Al mismo tiempo, un coche autónomo debe tomar sus decisiones en fracciones de segundo. No hay posibilidad de presentar las circunstancias a un jurado humano para que las evalúe. En consecuencia, estas instrucciones han de alzarse sobre sus propios méritos”.
Y es en este último apunte donde me quiero detener para hacer lo que siempre hago en esta sección: tirarme a la piscina. Si queremos que los algoritmos que regirán nuestras vidas cuando viajemos a bordo de máquinas autotripuladas “se alcen sobre sus propios méritos”, el diseño de tales razonamientos informáticos no puede recaer en absoluto en el sector privado y sus ingenieros.
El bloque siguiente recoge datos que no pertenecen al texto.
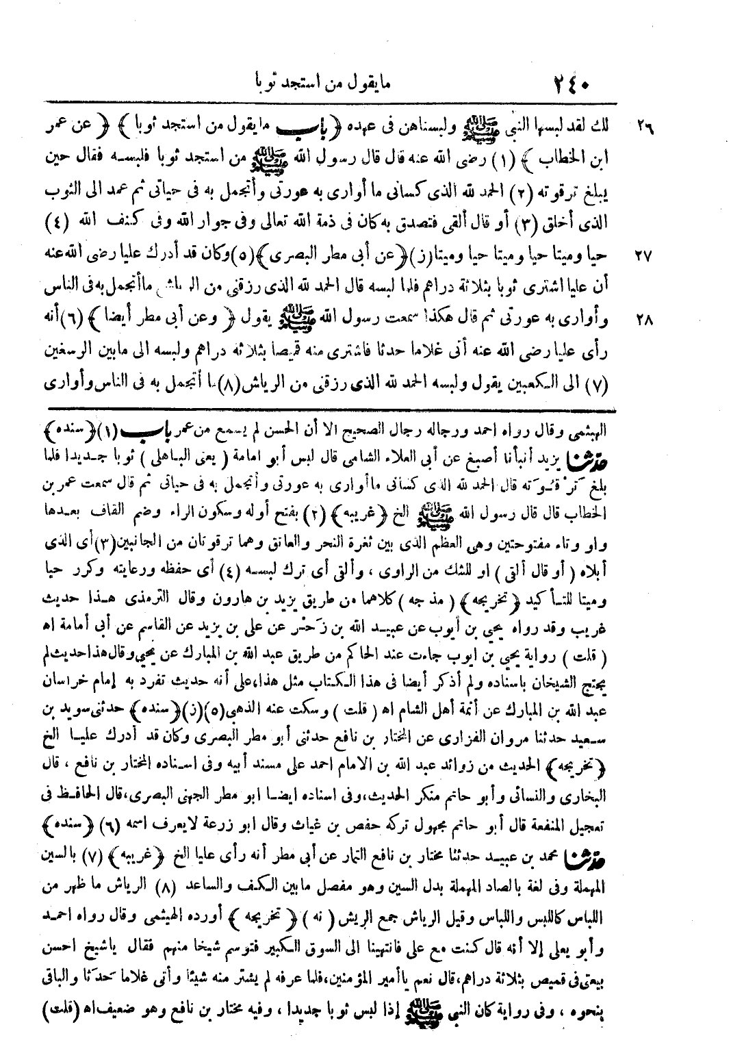 الهيثمي وقال رواه أحمد ورجاله رجال الصحيح إلا أن الحسن لم يسمع من عمر باب (1) (سنده) حدّثنا يزيد أنبأنا أصبغ عن أبي العلاء الشامي قال لبس أبو أمامة (يعني الباهلي) ثوبا جديدا فلما بلغ ترقوته قال الحمد لله الذي كساني ما أواري به عورتي وأتجمل به في حياتي ثم قال سمعت عمر بن الخطاب قال قال رسول الله صلى الله عليه وسلم الخ (غريبه) (2) بفتح أوله وسكون الراء وضم القاف بعدها واو وتاء مفتوحتين وهي العظم الذي بين ثغرة النحر والعاتق وهما ترقوتان من الجانبين (3) أي الذي أبلاه (أو قال ألقى) أو للشك من الراوي، وألقى أي ترك لبسه (4) أي حفظه ورعايته وكرر حيا وميتا للتأكيد (تخريجه) (مذ جه) كلاهما من طريق يزيد بن هارون وقال الترمذي هذا حديث غريب وقد رواه يحيى بن أيوب عن عبيد الله بن زحر عن علي بن يزيد عن القاسم عن أبي أمامه اهـ (قلت) رواية يحيى بن أيوب جاءت عند الحاكم من طريق عبد الله بن المبارك عن يحيى وقال هذا حديث لم يحتج الشيخان بإسناده ولم أذكر أيضا في هذا الكتاب مثل هذا، على أنه حديث تفرد به إمام خراسان عبد الله بن المبارك عن أئمة أهل الشام اهـ (قلت) وسكت عنه الذهبي (5) (ز) (سنده) حدثني سويد بن سعيد حدثنا مروان الفزاري عن المختار بن نافع حدثني أبو مطر البصري وكان قد أدرك عليا الخ (تخريجه) الحديث من زوائد عبد الله بن الإمام أحمد على مسند أبيه وفي إسناده المختار بن نافع، قال البخاري والنسائي وأبو حاتم منكر الحديث، وفي إسناده أيضا أبو مطر الجهني البصري، قال الحافظ في تعجيل المنفعة قال أبو حاتم مجهول تركه حفص بن غياث وقال أبو زرعة لا يعرف اسمه (6) (سنده) حدثنا محمد بن عبيد حدثنا مختار بن نافع التمار عن أبي مطر أنه رأى عليا الخ (غريبه) (7) بالسين المهملة وفي لغة بالصاد المهملة بدل السين وهو مفصل ما بين الكف والساعد (8) الرياش ما ظهر من اللباس كاللبس واللباس وقيل الرياش جمع الريش (نه) (تخريجه) أورده الهيثمي وقال رواه أحمد وأبو يعلى إلا أنه قال كنت مع علي فانتهينا إلى السوق الكبير فتوسم منهم فقال يا شيخ أحسن بيعتي في قميص بثلاثة دراهم، قال نعم يا أمير المؤمنين، فلما عرفه لم يشتر منه شيئا وأتى غلاما حدثا والباقي بنحوه، وفي رواية كان النبي صلى الله عليه وسلم إذا لبس ثوبا جديداً، وفيه مختار بن نافع وهو ضعيف اهـ (قلت)
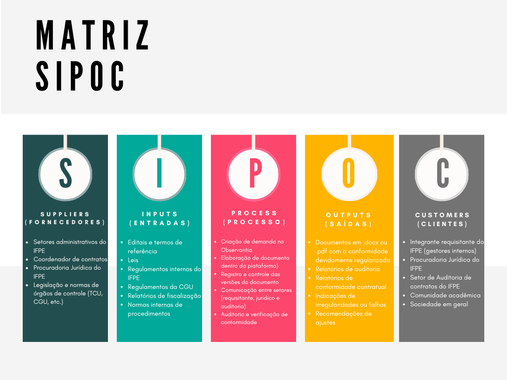 Supplier, Input, Process, Output, Customer - Análise completa de processos e stakeholders.
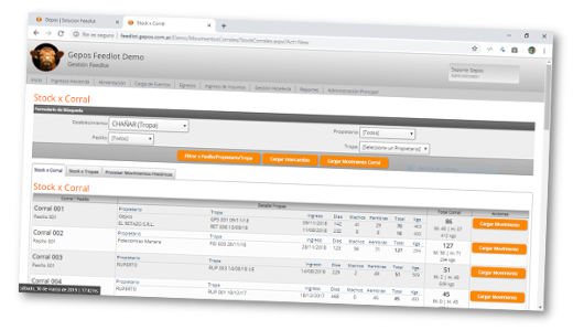 En el resto de los caso, ya sea con identificación por tropa o identificacion individual con caravanas numeradas, los movimientos de corral se realizan por tropa y sexo de los animales indicando la cantidad que se movieron, para simplificar la carga.
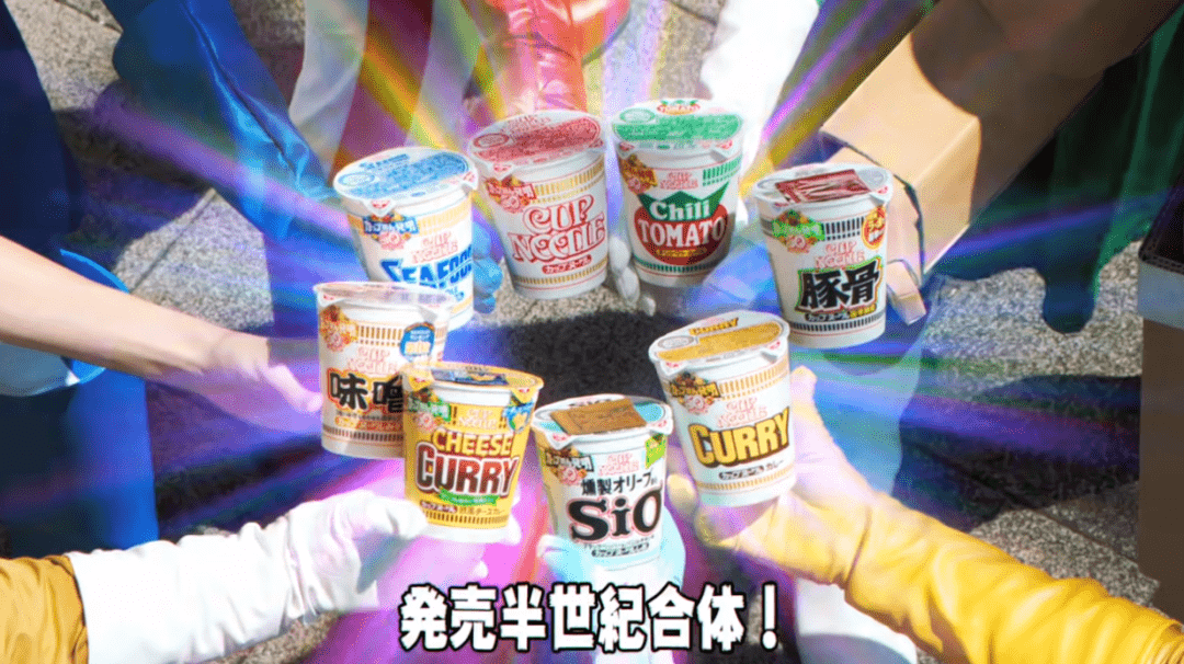 前阵子,日清还推出二合一口味泡面,用了特摄片风格,也是沙雕的极致。
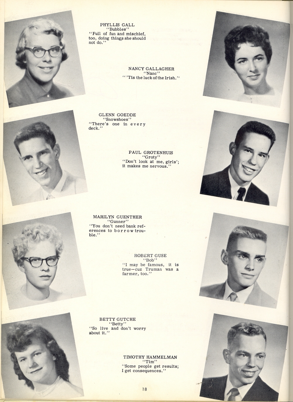 1958 Sheboygan Falls High School, Pages 18 and 90: Phyllis Gall, Nancy Gallagher, Glenn Goedde, Paul Grotenhuis, Marilyn Guenther, Robert Guse, Betty Gutche, Timothy Hammelman.
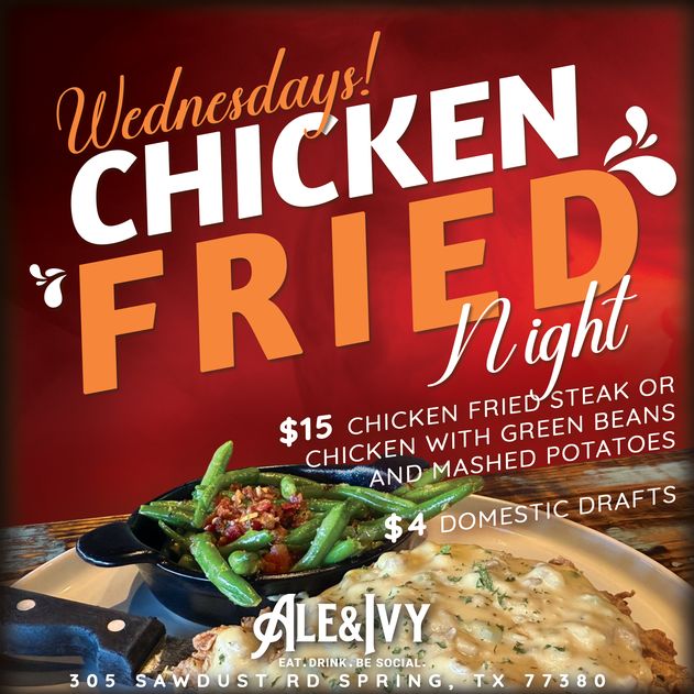 Join Ale & Ivy every Wednesday for a mouthwatering midweek special. Enjoy a hearty plate of Chicken Fried Steak or Chicken, served with green beans and mashed potatoes for just $15. Pair your meal with $4 domestic drafts and make it a weekly tradition.
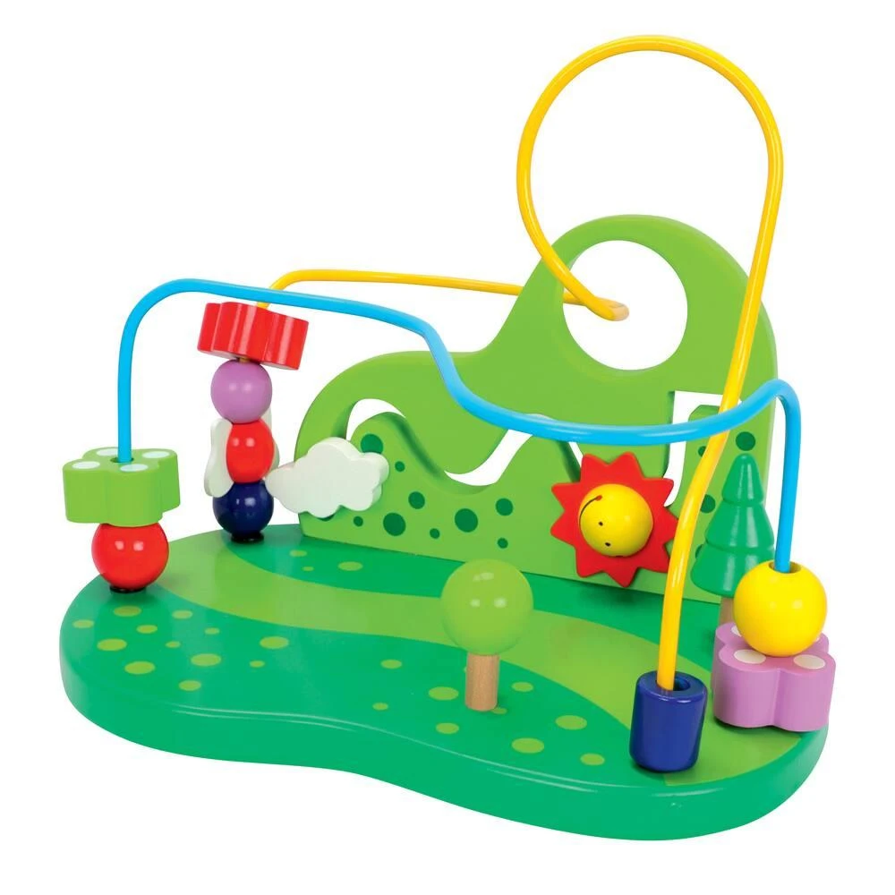 Labyrinthe avec 2 loopings sur lesquels on fait glisser 9 perles ou éléments de différentes formes et couleurs. On peut aussi faire bouger dans le décor le soleil et le nuage. La base a aussi en décor deux jolis arbres. Développement de la motricité : stimule la coordination main-œil. Léger et facile à manipuler.
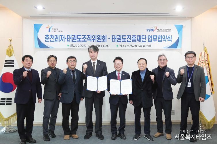 서울복지타임즈 이재연 기자 | 춘천레저·태권도조직위원회(위원장 육동한)와 태권도진흥재단(이사장 김중헌)이 16일 태권도 발전과 국제 경쟁력 강화를 위해 손을 맞잡았다.
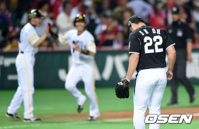 10회말 2사 1,2루에서 한신 오승환이 소프트뱅크 나카무라 아키라에게 우월 홈런을 허용하며 아쉬워하고 있다. /sunday@osen.co.kr
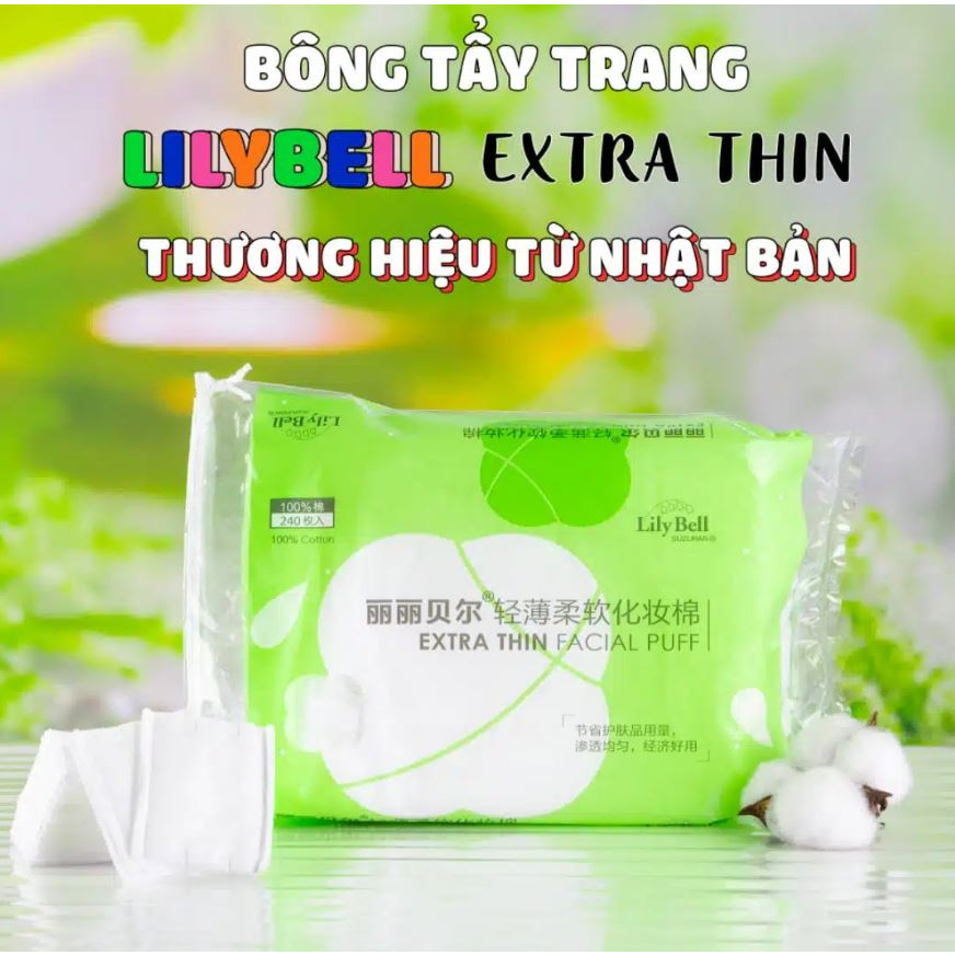 Bông Tẩy Trang LilyBell Extra Thin Facial Puff 240m (Xanh lá) là sản phẩm bông tẩy trang đến từ thương hiệu LilyBell thuộc tập đoàn dệt bông uy tín của Nhật - Suzuran, được làm từ chất liệu 100% cotton mềm mịn với làn da, không để lại xơ bông.

El diseño de este tipo de herramientas informáticas debe ser realizado, aunque lleve mucho más tiempo, por un equipo independiente e interdisciplinar que evalúe un protocolo general de actuación a nivel nacional o incluso supranacional. Deben de ser psicólogos, filósofos, sociólogos, políticos y, por supuesto, la sociedad civil —de manera directa o mediada a través de sus gobernantes— los que creen estas restricciones en colaboración con los ingenieros.
Y tales algoritmos han de ser presentados a la sociedad civil para su conocimiento e incluso aprobación.
Estamos hablando de algo tan crucial como el transporte, el pilar básico que hace posible la sociedad moderna. No se puede delegar a mera burocracia o protocolos de calidad un asunto tan grave.
Al menos, esto opina desde esta humilde tribuna su Gadgetrón. Porque lo que está claro es que a las víctimas de Uber o Tesla ya no las podemos salvar.
Pero sí podemos asegurarnos de que las futuras víctimas, en el lamentable caso de que sea inevitable su muerte, sufran las consecuencias de un sistema reglado por sus conciudadanos y no por los intereses de una empresa.